As General David Petraeus, who led U.S. Central Command and NATO/U.S. forces in Afghanistan before serving as director of the CIA, underscored in an interview for this research: “We have learned, repeatedly, that if you don’t keep an eye and pressure on extremist groups, such as ISIS, they will reconstitute and once again engage in organized, sophisticated extremist acts.”

ISIS-K’s global ambitions have grown steadily since 2021, when it claimed responsibility for a devastating suicide attack at  Kabul International Airport in the midst of the United States’ military withdrawal from Afghanistan. In 2022, it orchestrated a fatal suicide bombing at the Russian embassy in Kabul, and staged cross-border attacks from Afghanistan into Uzbekistan and Tajikistan. And early this year, following 2022 and 2023 attacks in Shiraz and Mashhad, ISIS-K executed the most deadly terrorist attack that Iran has experienced since the 1979 Islamic Revolution--a double suicide bombing that claimed the lives of nearly 100 people attending a memorial for Revolutionary Guards commander Qassem Soleimani. 

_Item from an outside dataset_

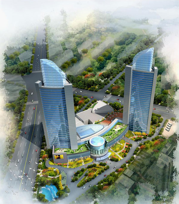 项目类型:酒店建筑 欧冠买球下载年代:2010年 建设地点:上海市长宁区 总面积:113820M2 欧冠买球下载说明:虹桥宾馆和银河宾馆是紧邻内环高架和延安路高架交叉口的姐妹楼,地处长宁区涉外贸易区内,位置优越,属虹桥商圈的中心区,但由于该两宾馆属于八十年代建筑,外观和内部设施都有许多不适应之处,这次改造重点是,一在保留二幢高层建筑本体结构的前提下,变高层外立面为通透玻璃造型,使其更为现代和时尚。二是拆除综合部裙房和设备用房,重建四层裙房,其中一,二层为精品商业和休闲餐饮配套服务设施。三层用于大堂,四层为屋顶泳池,花园和露天咖啡吧。通过改建两个酒店将在该地域形成一对十分抢眼的标志性建筑。

Somewhat paradoxically, ISIS-K has experienced setbacks in its traditional areas of operation in Afghanistan due to relentless Taliban pressure. Two and a half years ago, as the last American troops left the country, the United States pledged billions of dollars in aid to alleviate Afghan suffering and facilitate efforts to counter ISIS-K in Taliban-ruled Afghanistan. In addition to providing humanitarian relief, the aid aimed to thwart cross-border extremism, drug trade, arms proliferation, and mass displacement. Although Afghanistan has seen a dramatic increase in violence by the al Qaeda-affiliated Pakistani Taliban, an umbrella outfit that aspires to overthrow the Pakistani state, Western counterterrorism efforts have been surprisingly successful against ISIS-K in tactical operations—the result of a transactional partnership between the United States and the Haqqani network, the most powerful faction of the Taliban government. The Haqqanis maintain an alliance with al Qaeda, but view ISIS-K as a competitor and a threat to their interests and so have cynically cooperated with U.S. security officials and other regional counterterrorism actors to hunt down and eliminate the group’s leaders in Afghanistan, resulting in significant losses throughout 2023. 

But far from eliminating the threat, the Taliban’s routing of ISIS-K in Afghanistan has simply displaced its key leaders. According to U.S. and UN officials familiar with ISIS-K's cross-border operations, the terror group has relocated its leadership and center of gravity to remote and lawless safe havens in Afghanistan and Pakistan, from where the group continues to pose a threat to the region and Western interests abroad. At present, the Taliban lacks the capacity to target ISIS-K in Pakistan, and it is difficult for the United States to conduct operations there. Pakistan denies sponsoring terror proxies and continues to work with Washington to counter select threats from anti-Pakistan groups, such as al Qaeda and the Pakistani Taliban, but on its own Islamabad isn’t up to the task of addressing the threat from ISIS-K within its borders. 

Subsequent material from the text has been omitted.